Stored dataset items
*** Block opens ***

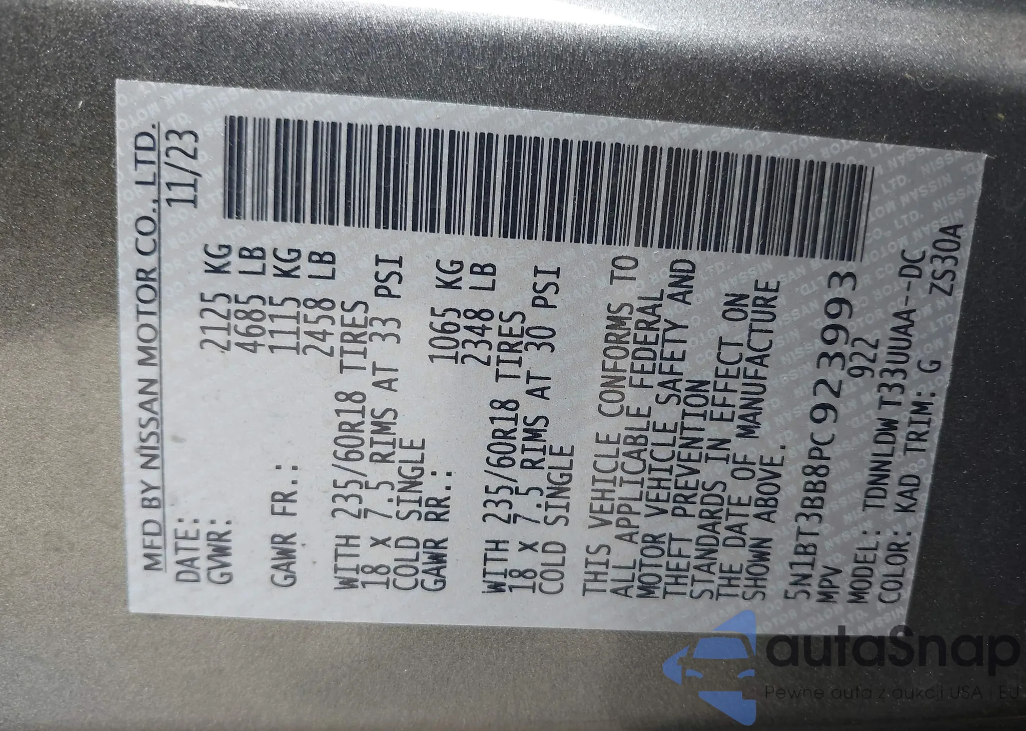 LOT: 43192287 VIN: 5N1BT3BB8PC923993
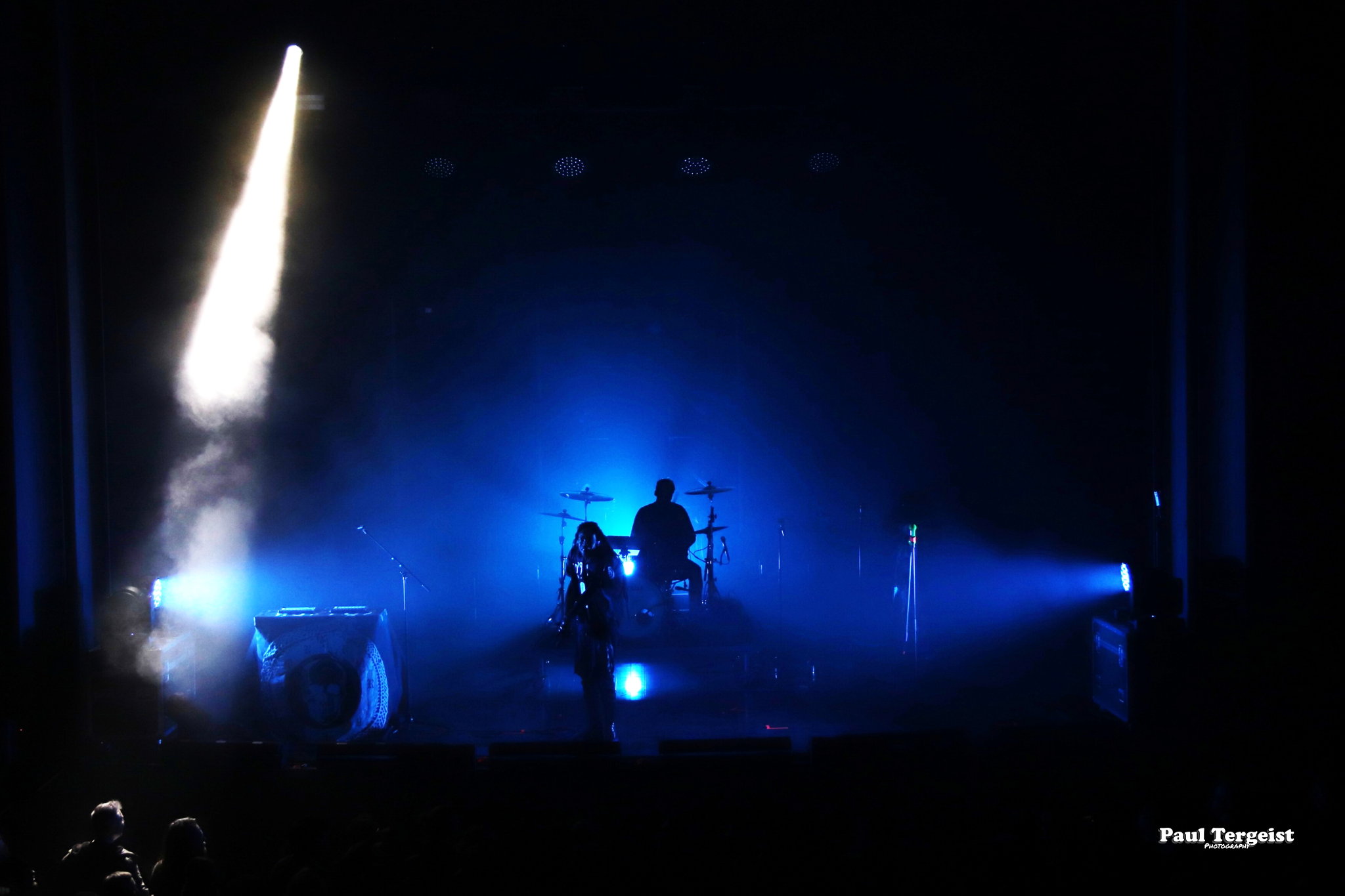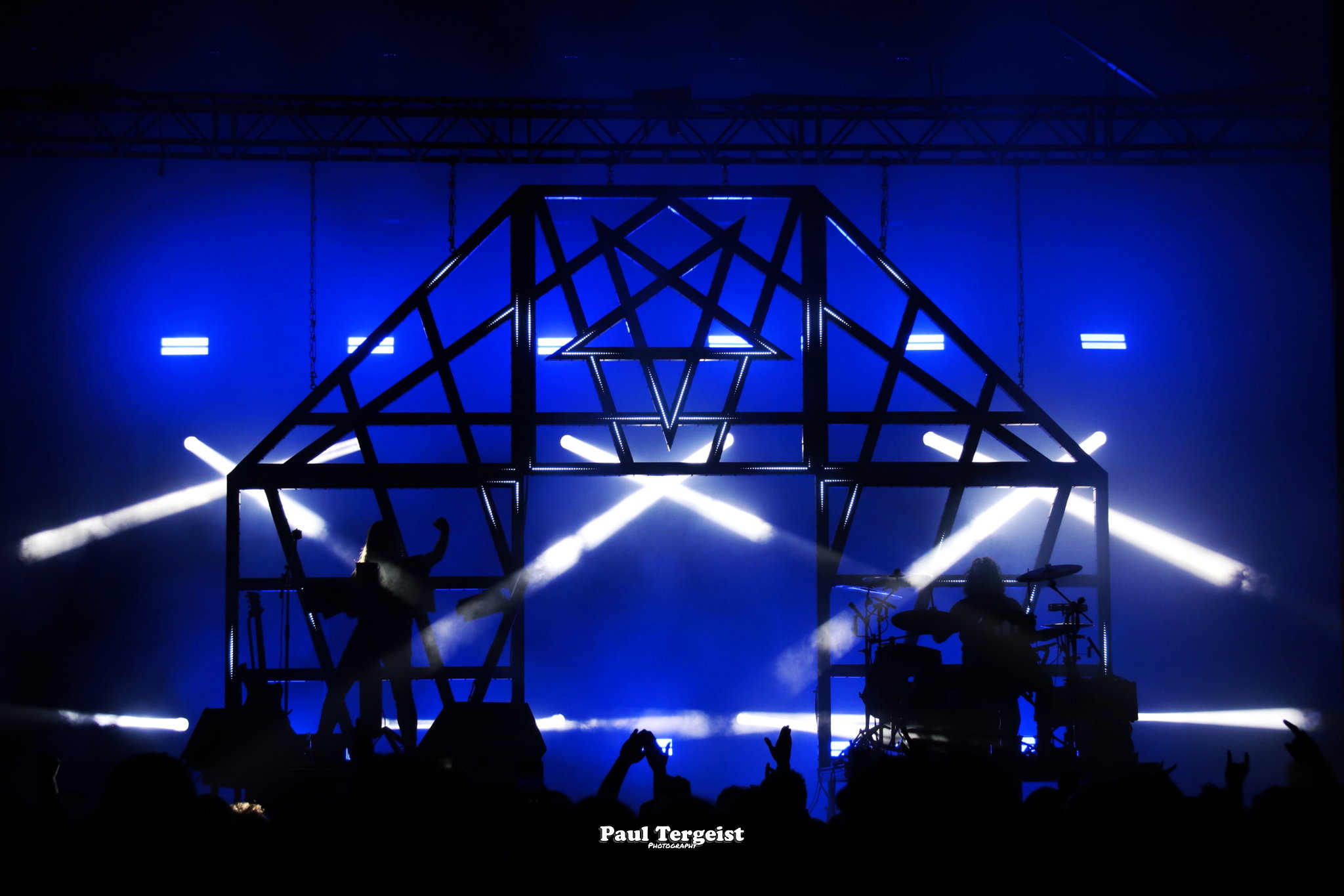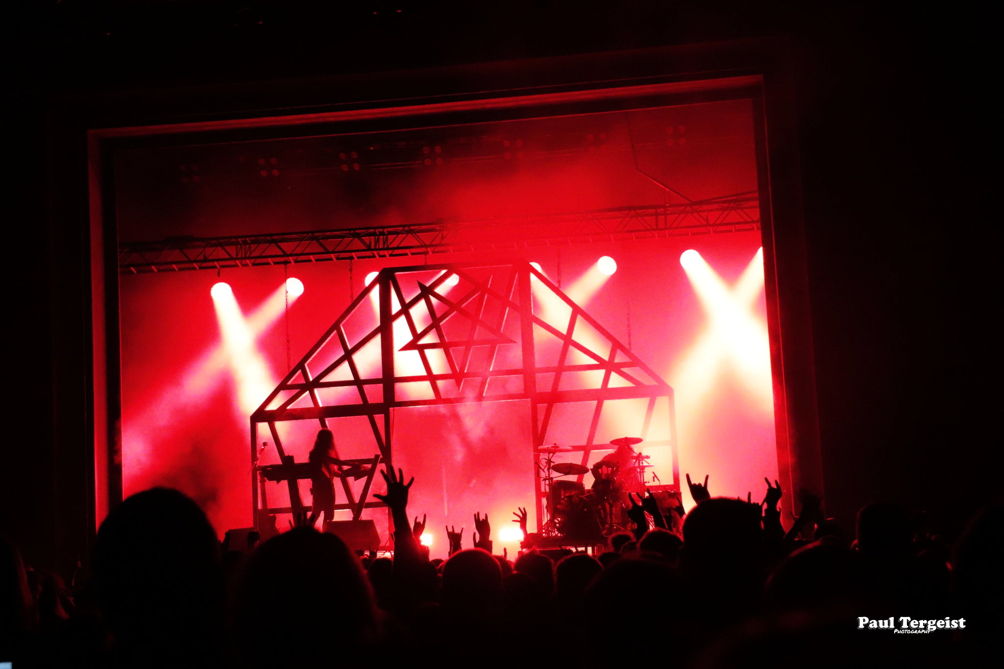« Attention ! Attention ! Pour des raisons techniques, veuillez quitter la salle par la sortie la plus proche. » Cette injonction sera lancée deux fois, sans provoquer la moindre réaction du public, et fera office d’intro un peu décalée au concert de Perturbator. James Kent, alias Perturbator, se produit simplement accompagné d’un batteur, et présente d’emblée un côté sombre, matérialisé par un décor de scène à la mode gothique/black metal, rappelant inévitablement ses débuts au sein de diverses formations black. Musicalement, le dernier album en date, Lustful Sacraments, à l’ambiance plus gothique/new-wave — en un mot, plus « dark » que les autres — installe l’atmosphère grâce à Excess, premier titre d’une setlist qui en comptera douze. Le noir restera momentanément la couleur prédominante, puis le set gagnera quelque peu en luminosité avec des titres certes loin de se rapprocher d’une pop mainstream, mais montrant un certain nombre de points communs avec ceux de Carpenter Brut. Au final, un bon concert sans points faibles, mais aussi sans moments réellement forts. Et, comme les autres groupes — c’est sans doute la coutume dans l’univers qui est le leur —, Perturbator s’en ira sans remercier ni saluer un public qui, de toute façon, n’en demandait pas tant et quittera la salle visiblement ravi.
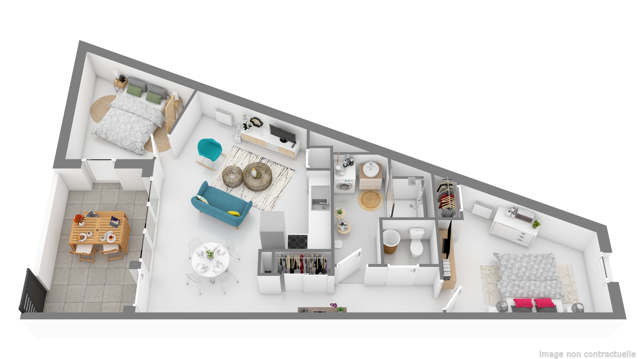 Située dans le quartier de La Valsière, sur la rive droite de Grabels, Bella Ronda vous séduira par son calme et son environnement arboré. Elle bénéficie dun emplacement privilégié à deux pas de toutes commodités : commerces de proximité, centre commercial, écoles, restaurants et axes routiers. A taille humaine, la résidence est composée de 50 logements seulement, répartis dans deux petits bâtiments. Son architecture élégante est inspirée de lAndalousie où se mêlent enduit blanc et brique ocre sur fond de façades à moucharabiehs. Les appartements de 2 ou 3 pièces sont prolongés par de belles terrasses. Un jardin aux essences méditerranéennes offre un espace vert pour respirer et se ressourcer. Enfin, Bella Ronda propose des stationnements privatifs en sous-sol. Une résidence où il fait bon vivre, en harmonie avec la nature.
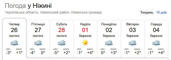 Прогноз погоди на 27-28 лютого та 1-3 березня по області
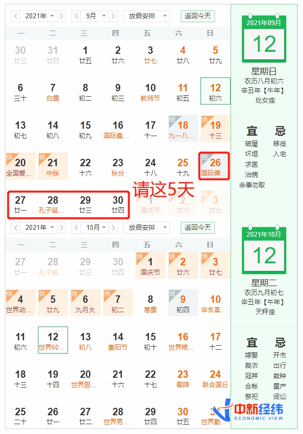 中新經緯客戶端9月13日電 (熊家麗)中秋、國慶兩節將至,一小一大兩個假期你準備怎麼安排?中新經緯客戶端發現,靈活請假可分別在兩節擁有“加長版”假期。
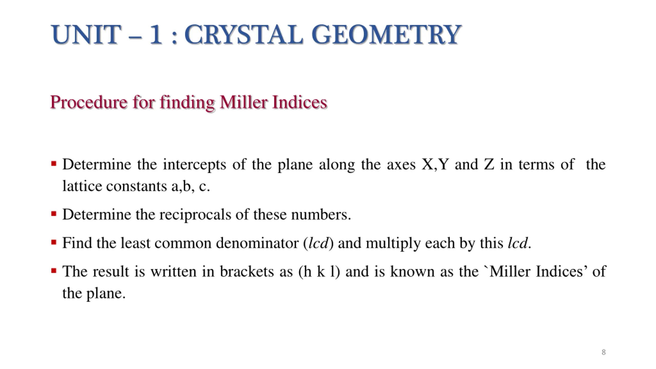 UNIT 1 : CRYSTAL GEOMETRY CRYSTAL PLANES AND MILLER INDICES The orientation of planes or faces in a crystal can be described in terms of their intercepts on the three axes. Miller introduced a system to designate a plane in a crystal. He introduced a set of three numbers to specify a plane in a crystal. This set of three numbers is known as MillerIndices of the concerned plane. Miller indices are defined as the reciprocals of the intercepts made by the plane on the three axes. 7
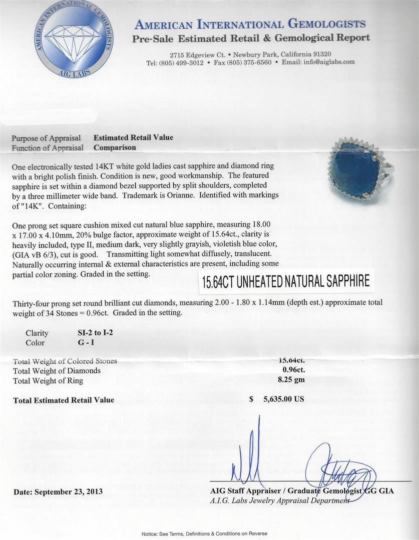 One electronically tested 14KT white gold ladies cast sapphire and diamond ring with a bright polish finish. The featured sapphire is set within a diamond bezel supported by split shoulders, completed by a three millimeter wide band. Trademark is Orianne. Identified with markings of "14K". Condition is new, good workmanship. Containing: One prong set square cushion mixed cut natural blue sapphire, measuring 18.00 x 17.00 x 4.10mm, 20%. bulge factor, approximate weight of 15.64ct., clarity is heavily included, type II, medium dark, very slightly grayish, violetish blue color, (GIA vB 6/3), cut is good. Transmitting light somewhat diffusely, translucent. Naturally occurring internal & external characteristics are present, including some partial color zoning. Graded in the setting. Thirty-Four prong set round brilliant cut diamonds, measuring 2.00 - 1.80 x 1.14mm (depth est.) approximate total weight of 34 Stones = 0.96ct. Graded in the setting. Clarity: SI-2 to I-2. Color: G - I. Total Weight of Colored Stones 15.64ct. Total Weight of Diamonds 0.96ct. AIG Appraised at $5,635.00.
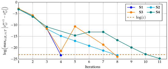 Now, to illustrate the effect of the recursive approximation on the minimization of the error induced by the McCormick approximation in the power balance constraints, as presented in Figure 1, the logarithmic value of the error in (14) is presented in Figure 5.
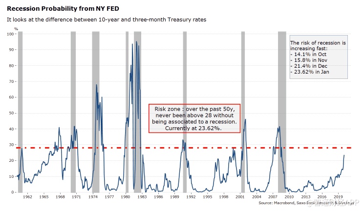 最近,美国衰退概率模型层出不穷。盛宝银行使用纽约联邦储备银行的衰退概率追踪器判断经济衰退的可能性,该模型跟踪的是10年期和3个月期美国国债利差。从该模型最新数据来看,2019年1月该利差指数已达到23.62%。
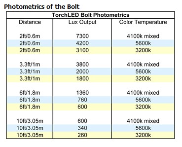 The TorchLED Bolt gives a genuine 200 watt light output (7300lux at 2ft, and 3800lux at 1m), with the brightness and throw (40 to 50 feet) of an actual Halogen light in LED form. For event videographers, DLSR video production and more, The TorchLED Bolt serves as not only an on-camera lighting solution but can be positioned on a light
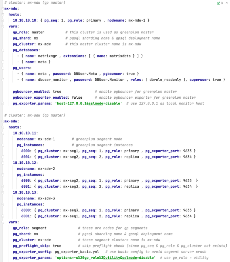 定义上面的4节点MatrixDB只需要这些配置
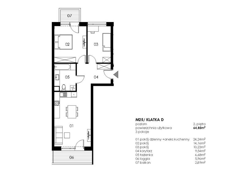 Mieszkanie deweloperskie: 3 pokoje, pow. 64,85 m2, z loggią i balkonem - w pobliżu centrum Koszalina.
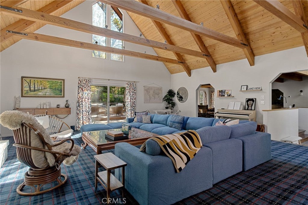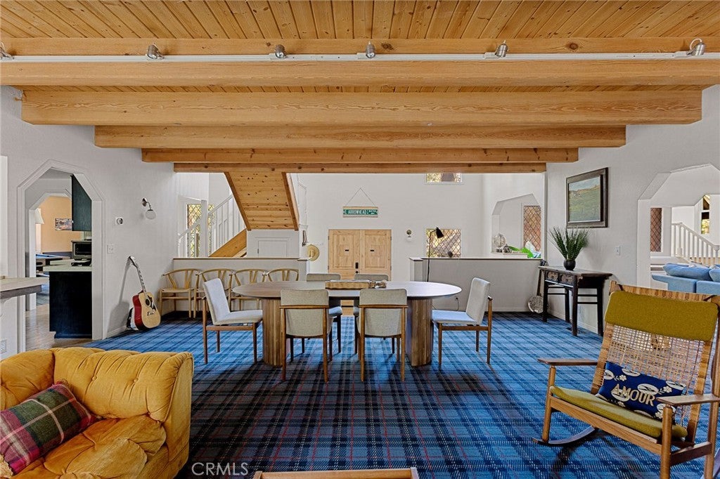 Beamed Ceilings, Breakfast Bar, Balcony, Crown Molding, Cathedral Ceiling(s), Separate/Formal Dining Room, High Ceilings, Living Room Deck Attached, Multiple Staircases, Pantry, Storage, Two Story Ceilings, Bedroom on Main Level, Entrance Foyer, Loft, Multiple Primary Suites, Primary Suite, Walk-In Closet(s), Workshop, Furnished, Track Lighting

*** Block closes ***

Transcribe the data exactly and leave no picture in the copy.

• Solution to this problem:
 LOT: 43192287 VIN: 5N1BT3BB8PC923993
« Attention ! Attention ! Pour des raisons techniques, veuillez quitter la salle par la sortie la plus proche. » Cette injonction sera lancée deux fois, sans provoquer la moindre réaction du public, et fera office d’intro un peu décalée au concert de Perturbator. James Kent, alias Perturbator, se produit simplement accompagné d’un batteur, et présente d’emblée un côté sombre, matérialisé par un décor de scène à la mode gothique/black metal, rappelant inévitablement ses débuts au sein de diverses formations black. Musicalement, le dernier album en date, Lustful Sacraments, à l’ambiance plus gothique/new-wave — en un mot, plus « dark » que les autres — installe l’atmosphère grâce à Excess, premier titre d’une setlist qui en comptera douze. Le noir restera momentanément la couleur prédominante, puis le set gagnera quelque peu en luminosité avec des titres certes loin de se rapprocher d’une pop mainstream, mais montrant un certain nombre de points communs avec ceux de Carpenter Brut. Au final, un bon concert sans points faibles, mais aussi sans moments réellement forts. Et, comme les autres groupes — c’est sans doute la coutume dans l’univers qui est le leur —, Perturbator s’en ira sans remercier ni saluer un public qui, de toute façon, n’en demandait pas tant et quittera la salle visiblement ravi.
 Située dans le quartier de La Valsière, sur la rive droite de Grabels, Bella Ronda vous séduira par son calme et son environnement arboré. Elle bénéficie dun emplacement privilégié à deux pas de toutes commodités : commerces de proximité, centre commercial, écoles, restaurants et axes routiers. A taille humaine, la résidence est composée de 50 logements seulement, répartis dans deux petits bâtiments. Son architecture élégante est inspirée de lAndalousie où se mêlent enduit blanc et brique ocre sur fond de façades à moucharabiehs. Les appartements de 2 ou 3 pièces sont prolongés par de belles terrasses. Un jardin aux essences méditerranéennes offre un espace vert pour respirer et se ressourcer. Enfin, Bella Ronda propose des stationnements privatifs en sous-sol. Une résidence où il fait bon vivre, en harmonie avec la nature.
 Прогноз погоди на 27-28 лютого та 1-3 березня по області
 中新經緯客戶端9月13日電 (熊家麗)中秋、國慶兩節將至,一小一大兩個假期你準備怎麼安排?中新經緯客戶端發現,靈活請假可分別在兩節擁有“加長版”假期。
 UNIT 1 : CRYSTAL GEOMETRY CRYSTAL PLANES AND MILLER INDICES The orientation of planes or faces in a crystal can be described in terms of their intercepts on the three axes. Miller introduced a system to designate a plane in a crystal. He introduced a set of three numbers to specify a plane in a crystal. This set of three numbers is known as MillerIndices of the concerned plane. Miller indices are defined as the reciprocals of the intercepts made by the plane on the three axes. 7
 One electronically tested 14KT white gold ladies cast sapphire and diamond ring with a bright polish finish. The featured sapphire is set within a diamond bezel supported by split shoulders, completed by a three millimeter wide band. Trademark is Orianne. Identified with markings of "14K". Condition is new, good workmanship. Containing: One prong set square cushion mixed cut natural blue sapphire, measuring 18.00 x 17.00 x 4.10mm, 20%. bulge factor, approximate weight of 15.64ct., clarity is heavily included, type II, medium dark, very slightly grayish, violetish blue color, (GIA vB 6/3), cut is good. Transmitting light somewhat diffusely, translucent. Naturally occurring internal & external characteristics are present, including some partial color zoning. Graded in the setting. Thirty-Four prong set round brilliant cut diamonds, measuring 2.00 - 1.80 x 1.14mm (depth est.) approximate total weight of 34 Stones = 0.96ct. Graded in the setting. Clarity: SI-2 to I-2. Color: G - I. Total Weight of Colored Stones 15.64ct. Total Weight of Diamonds 0.96ct. AIG Appraised at $5,635.00.
 Now, to illustrate the effect of the recursive approximation on the minimization of the error induced by the McCormick approximation in the power balance constraints, as presented in Figure 1, the logarithmic value of the error in (14) is presented in Figure 5.
 最近,美国衰退概率模型层出不穷。盛宝银行使用纽约联邦储备银行的衰退概率追踪器判断经济衰退的可能性,该模型跟踪的是10年期和3个月期美国国债利差。从该模型最新数据来看,2019年1月该利差指数已达到23.62%。
 The TorchLED Bolt gives a genuine 200 watt light output (7300lux at 2ft, and 3800lux at 1m), with the brightness and throw (40 to 50 feet) of an actual Halogen light in LED form. For event videographers, DLSR video production and more, The TorchLED Bolt serves as not only an on-camera lighting solution but can be positioned on a light
 定义上面的4节点MatrixDB只需要这些配置
 Mieszkanie deweloperskie: 3 pokoje, pow. 64,85 m2, z loggią i balkonem - w pobliżu centrum Koszalina.
 Beamed Ceilings, Breakfast Bar, Balcony, Crown Molding, Cathedral Ceiling(s), Separate/Formal Dining Room, High Ceilings, Living Room Deck Attached, Multiple Staircases, Pantry, Storage, Two Story Ceilings, Bedroom on Main Level, Entrance Foyer, Loft, Multiple Primary Suites, Primary Suite, Walk-In Closet(s), Workshop, Furnished, Track Lighting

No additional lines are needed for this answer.